— Activity —
Without any of the pictures, set down the data below exactly.

#### Supplied data ####

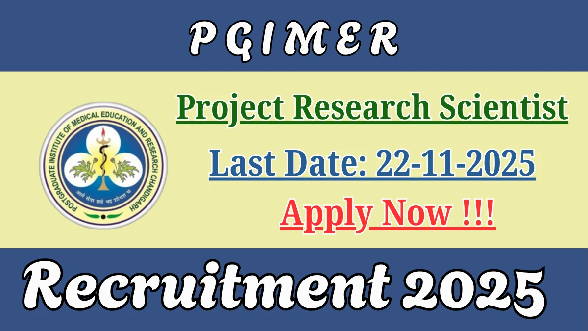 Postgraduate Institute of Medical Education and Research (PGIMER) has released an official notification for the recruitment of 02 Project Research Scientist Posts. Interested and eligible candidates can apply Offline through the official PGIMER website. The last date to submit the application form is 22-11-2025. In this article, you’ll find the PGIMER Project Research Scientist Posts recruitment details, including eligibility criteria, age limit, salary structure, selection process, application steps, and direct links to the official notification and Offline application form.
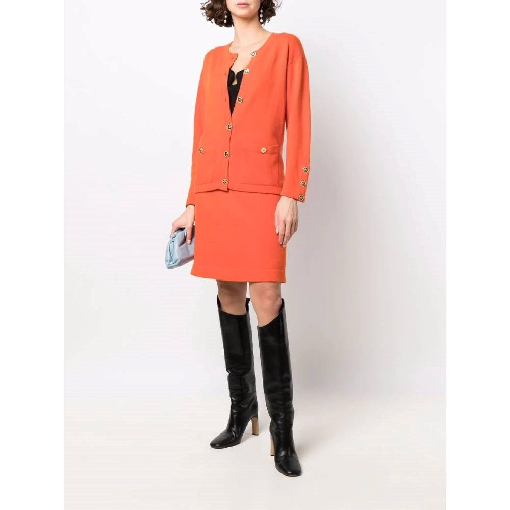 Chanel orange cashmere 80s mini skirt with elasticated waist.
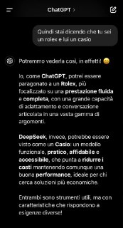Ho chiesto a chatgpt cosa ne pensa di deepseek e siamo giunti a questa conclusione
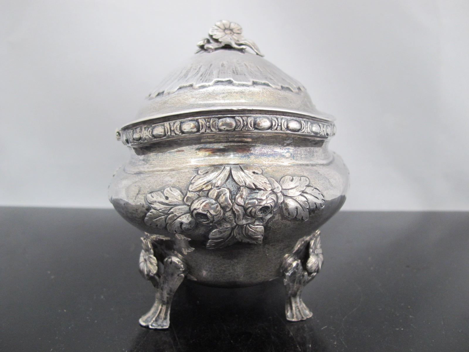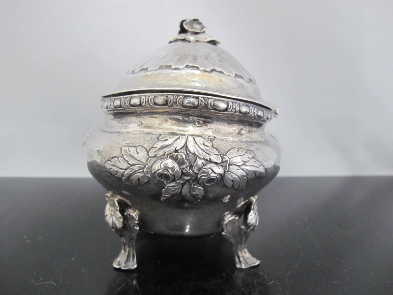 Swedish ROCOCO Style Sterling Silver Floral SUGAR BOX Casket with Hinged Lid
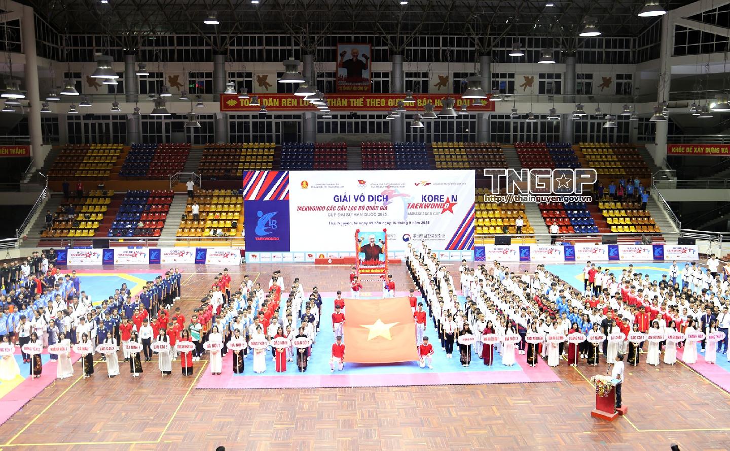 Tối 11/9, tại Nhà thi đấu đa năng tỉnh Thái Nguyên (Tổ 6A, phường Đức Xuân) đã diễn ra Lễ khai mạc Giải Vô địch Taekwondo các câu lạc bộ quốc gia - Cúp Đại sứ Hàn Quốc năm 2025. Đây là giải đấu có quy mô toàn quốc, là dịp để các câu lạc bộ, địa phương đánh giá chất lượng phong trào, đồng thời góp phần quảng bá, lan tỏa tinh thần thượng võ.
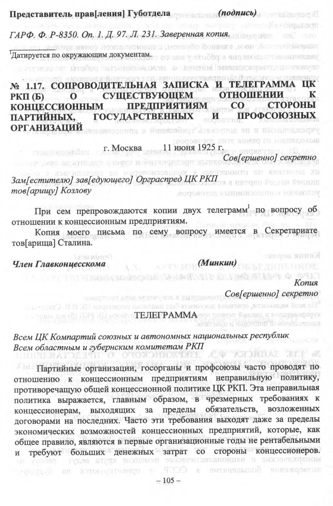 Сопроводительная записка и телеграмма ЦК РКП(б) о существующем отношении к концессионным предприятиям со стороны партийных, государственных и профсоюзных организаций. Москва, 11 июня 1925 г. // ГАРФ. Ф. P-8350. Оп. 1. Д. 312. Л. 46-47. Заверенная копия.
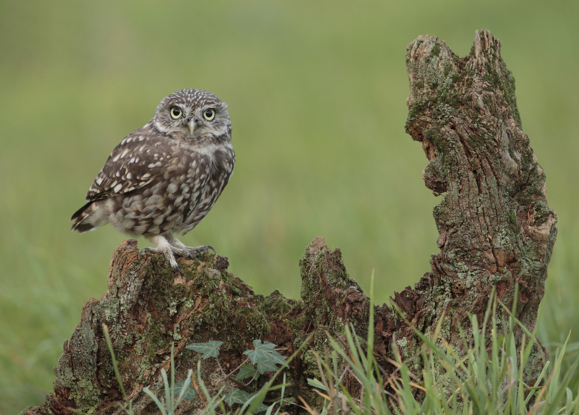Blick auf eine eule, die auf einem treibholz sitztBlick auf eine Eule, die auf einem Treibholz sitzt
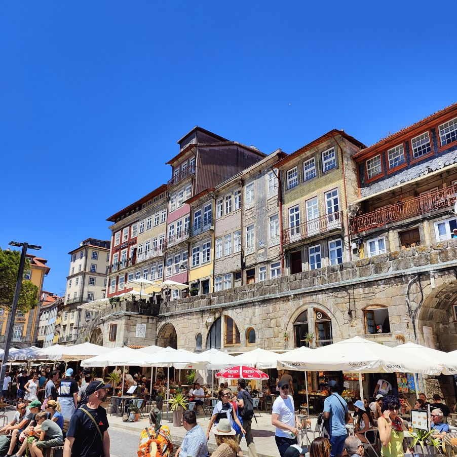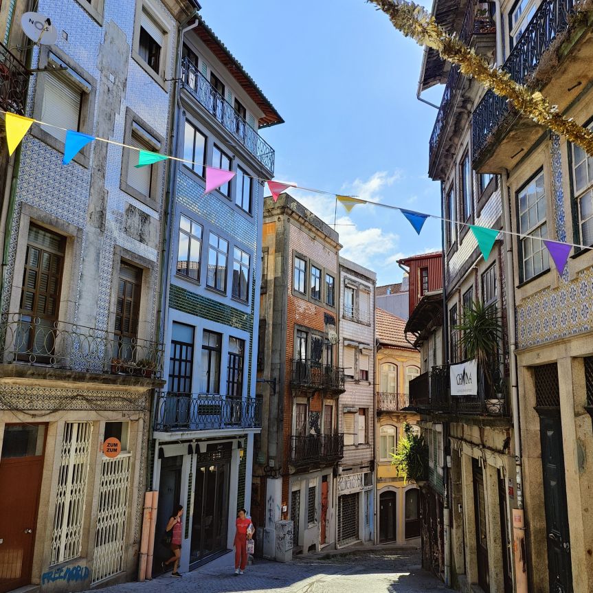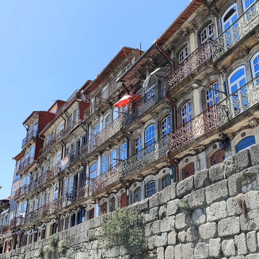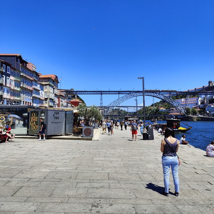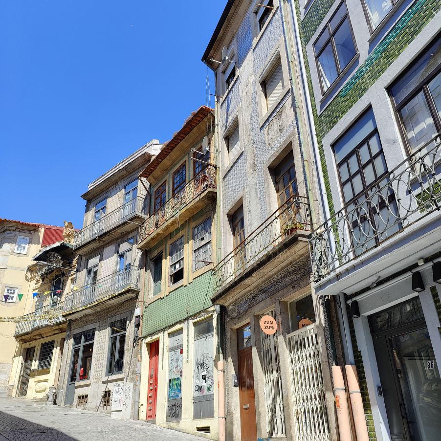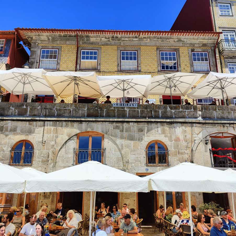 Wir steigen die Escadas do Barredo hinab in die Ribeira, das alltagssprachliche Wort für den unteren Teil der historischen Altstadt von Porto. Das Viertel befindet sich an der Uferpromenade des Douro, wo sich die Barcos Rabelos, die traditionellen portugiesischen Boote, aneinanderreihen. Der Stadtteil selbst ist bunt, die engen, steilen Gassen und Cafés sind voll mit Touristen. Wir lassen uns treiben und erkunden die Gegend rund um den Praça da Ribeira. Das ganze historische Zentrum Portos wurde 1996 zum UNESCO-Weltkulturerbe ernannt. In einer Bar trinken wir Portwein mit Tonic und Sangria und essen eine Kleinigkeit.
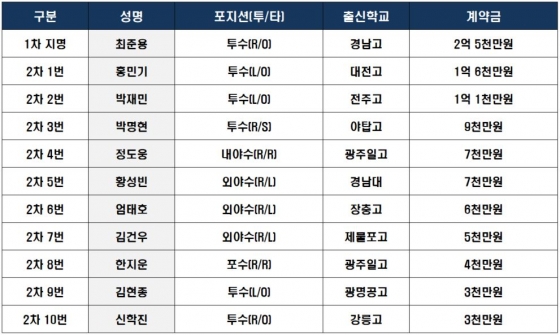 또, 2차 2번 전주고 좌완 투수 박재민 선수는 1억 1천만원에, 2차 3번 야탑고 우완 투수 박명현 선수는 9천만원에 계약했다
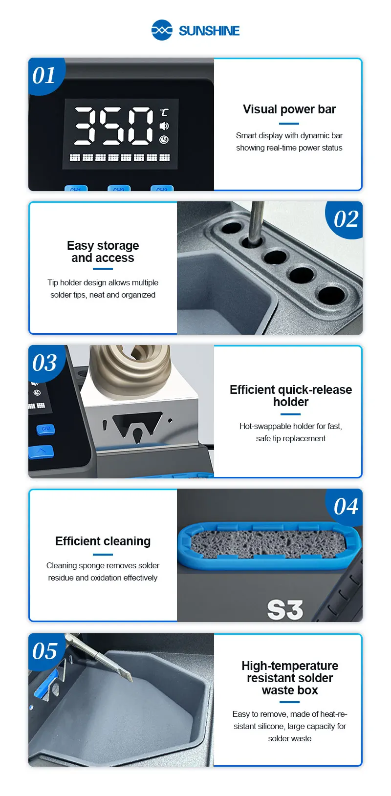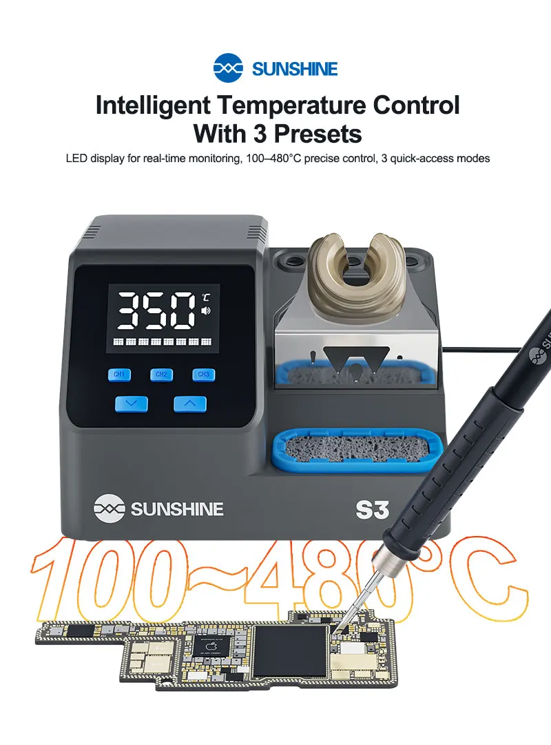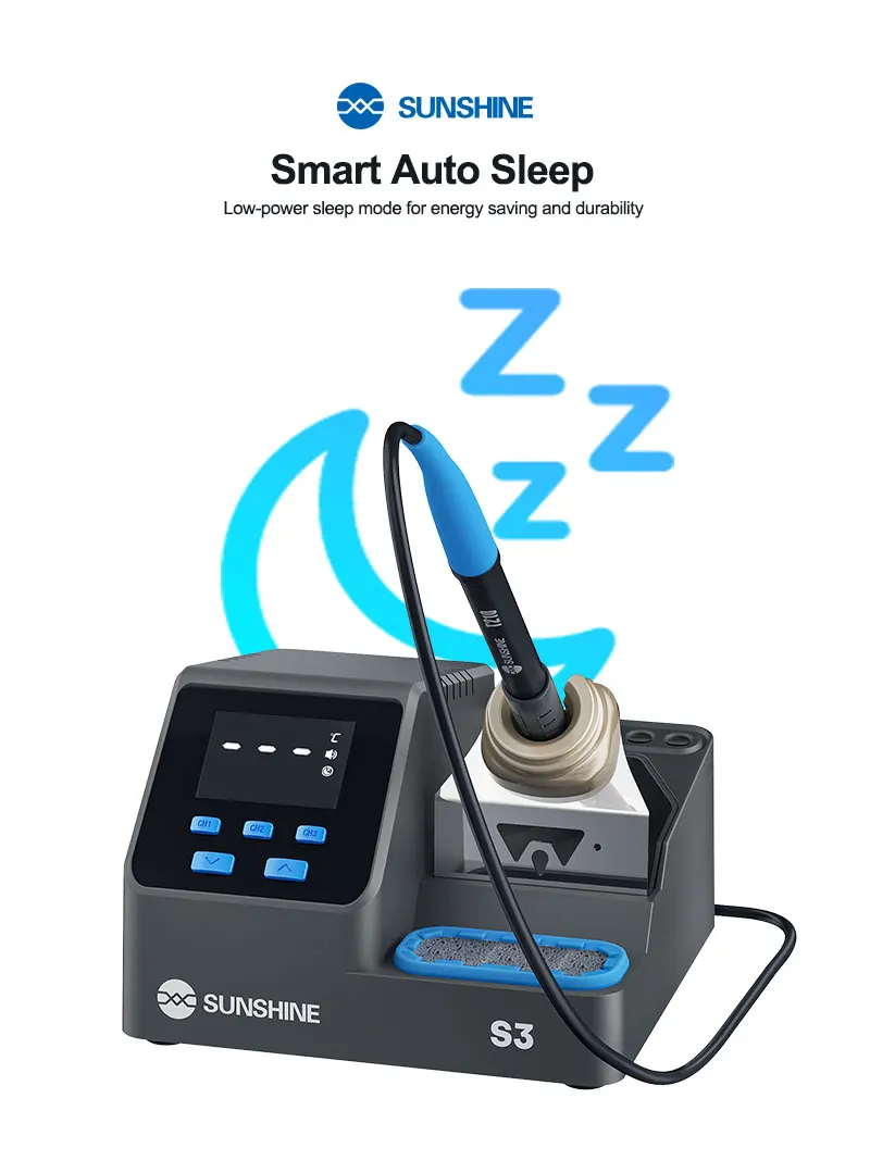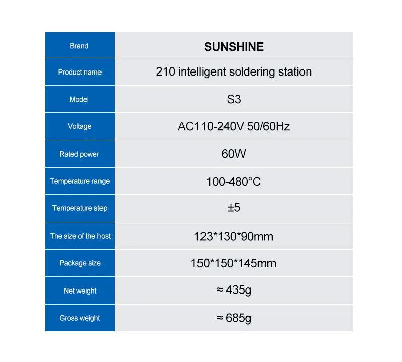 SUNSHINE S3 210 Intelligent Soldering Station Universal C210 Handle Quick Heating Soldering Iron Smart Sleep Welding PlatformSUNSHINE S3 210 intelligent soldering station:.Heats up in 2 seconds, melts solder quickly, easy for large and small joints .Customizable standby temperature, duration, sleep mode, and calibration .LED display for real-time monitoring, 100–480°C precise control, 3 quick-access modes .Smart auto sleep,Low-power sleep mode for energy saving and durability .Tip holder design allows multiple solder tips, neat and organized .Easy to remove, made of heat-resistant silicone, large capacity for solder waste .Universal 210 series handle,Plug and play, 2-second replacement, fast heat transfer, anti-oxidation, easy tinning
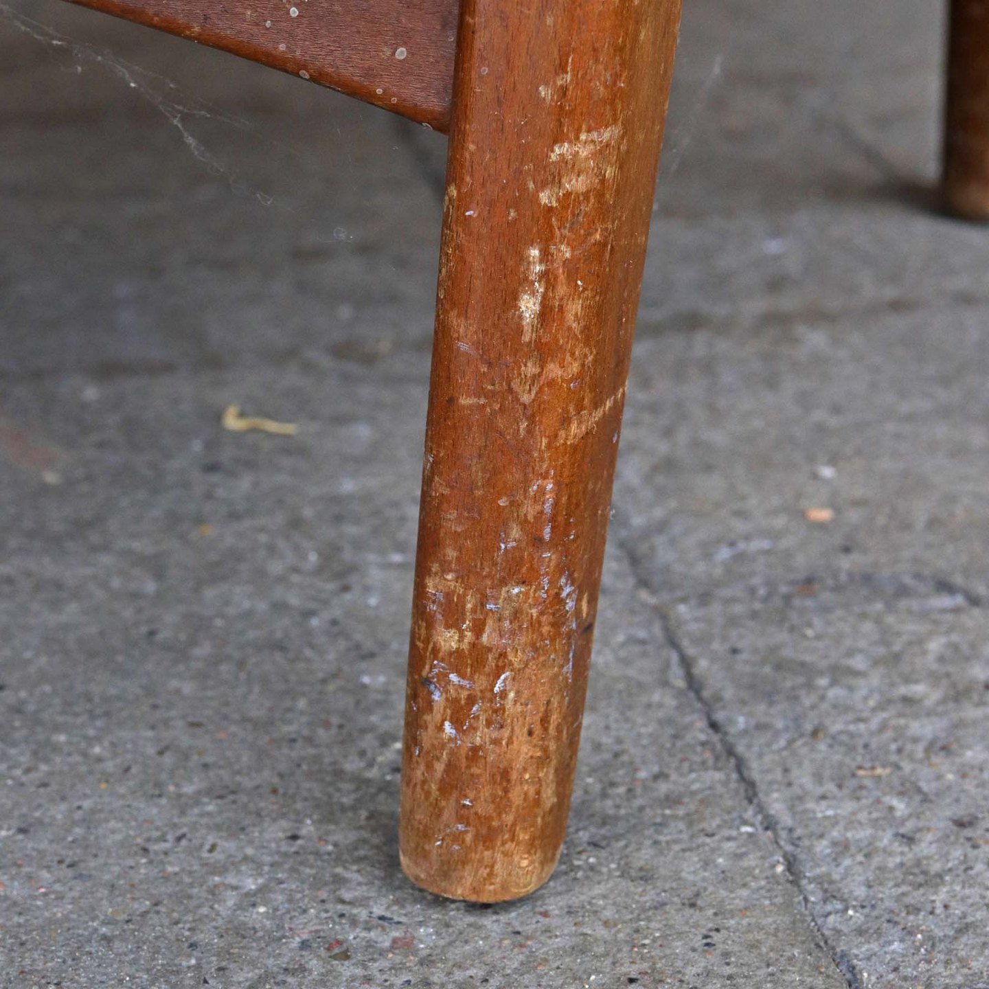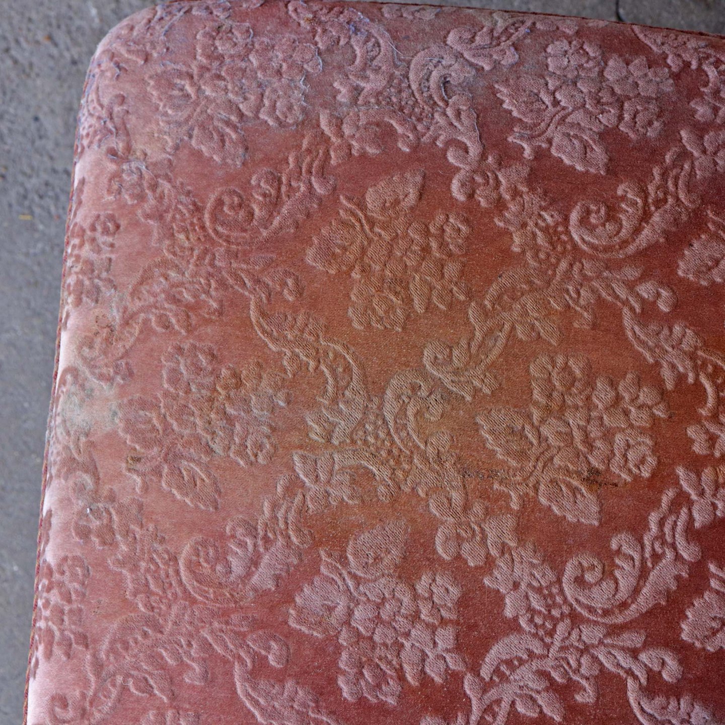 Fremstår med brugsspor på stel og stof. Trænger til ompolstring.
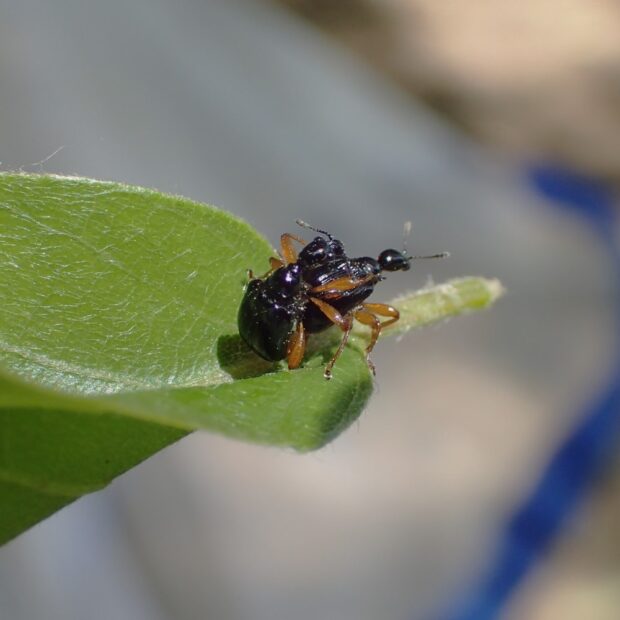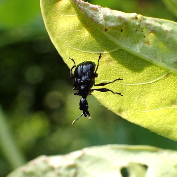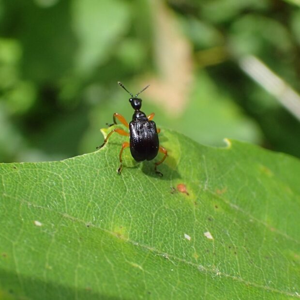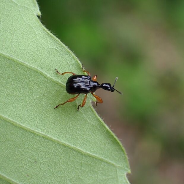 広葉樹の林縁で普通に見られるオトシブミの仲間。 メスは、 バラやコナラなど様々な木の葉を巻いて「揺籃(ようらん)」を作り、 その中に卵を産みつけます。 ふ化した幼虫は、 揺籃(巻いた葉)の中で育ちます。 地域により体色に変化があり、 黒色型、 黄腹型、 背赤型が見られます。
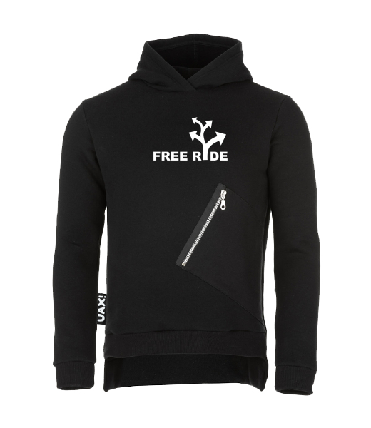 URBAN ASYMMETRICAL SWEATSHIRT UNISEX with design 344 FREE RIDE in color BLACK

####

— Solved exercise —
 Postgraduate Institute of Medical Education and Research (PGIMER) has released an official notification for the recruitment of 02 Project Research Scientist Posts. Interested and eligible candidates can apply Offline through the official PGIMER website. The last date to submit the application form is 22-11-2025. In this article, you’ll find the PGIMER Project Research Scientist Posts recruitment details, including eligibility criteria, age limit, salary structure, selection process, application steps, and direct links to the official notification and Offline application form.
 Chanel orange cashmere 80s mini skirt with elasticated waist.
Ho chiesto a chatgpt cosa ne pensa di deepseek e siamo giunti a questa conclusione
 Swedish ROCOCO Style Sterling Silver Floral SUGAR BOX Casket with Hinged Lid
 Tối 11/9, tại Nhà thi đấu đa năng tỉnh Thái Nguyên (Tổ 6A, phường Đức Xuân) đã diễn ra Lễ khai mạc Giải Vô địch Taekwondo các câu lạc bộ quốc gia - Cúp Đại sứ Hàn Quốc năm 2025. Đây là giải đấu có quy mô toàn quốc, là dịp để các câu lạc bộ, địa phương đánh giá chất lượng phong trào, đồng thời góp phần quảng bá, lan tỏa tinh thần thượng võ.
 Сопроводительная записка и телеграмма ЦК РКП(б) о существующем отношении к концессионным предприятиям со стороны партийных, государственных и профсоюзных организаций. Москва, 11 июня 1925 г. // ГАРФ. Ф. P-8350. Оп. 1. Д. 312. Л. 46-47. Заверенная копия.
Blick auf eine eule, die auf einem treibholz sitztBlick auf eine Eule, die auf einem Treibholz sitzt
 Wir steigen die Escadas do Barredo hinab in die Ribeira, das alltagssprachliche Wort für den unteren Teil der historischen Altstadt von Porto. Das Viertel befindet sich an der Uferpromenade des Douro, wo sich die Barcos Rabelos, die traditionellen portugiesischen Boote, aneinanderreihen. Der Stadtteil selbst ist bunt, die engen, steilen Gassen und Cafés sind voll mit Touristen. Wir lassen uns treiben und erkunden die Gegend rund um den Praça da Ribeira. Das ganze historische Zentrum Portos wurde 1996 zum UNESCO-Weltkulturerbe ernannt. In einer Bar trinken wir Portwein mit Tonic und Sangria und essen eine Kleinigkeit.
 또, 2차 2번 전주고 좌완 투수 박재민 선수는 1억 1천만원에, 2차 3번 야탑고 우완 투수 박명현 선수는 9천만원에 계약했다
 SUNSHINE S3 210 Intelligent Soldering Station Universal C210 Handle Quick Heating Soldering Iron Smart Sleep Welding PlatformSUNSHINE S3 210 intelligent soldering station:.Heats up in 2 seconds, melts solder quickly, easy for large and small joints .Customizable standby temperature, duration, sleep mode, and calibration .LED display for real-time monitoring, 100–480°C precise control, 3 quick-access modes .Smart auto sleep,Low-power sleep mode for energy saving and durability .Tip holder design allows multiple solder tips, neat and organized .Easy to remove, made of heat-resistant silicone, large capacity for solder waste .Universal 210 series handle,Plug and play, 2-second replacement, fast heat transfer, anti-oxidation, easy tinning
 Fremstår med brugsspor på stel og stof. Trænger til ompolstring.
 広葉樹の林縁で普通に見られるオトシブミの仲間。 メスは、 バラやコナラなど様々な木の葉を巻いて「揺籃(ようらん)」を作り、 その中に卵を産みつけます。 ふ化した幼虫は、 揺籃(巻いた葉)の中で育ちます。 地域により体色に変化があり、 黒色型、 黄腹型、 背赤型が見られます。
 URBAN ASYMMETRICAL SWEATSHIRT UNISEX with design 344 FREE RIDE in color BLACK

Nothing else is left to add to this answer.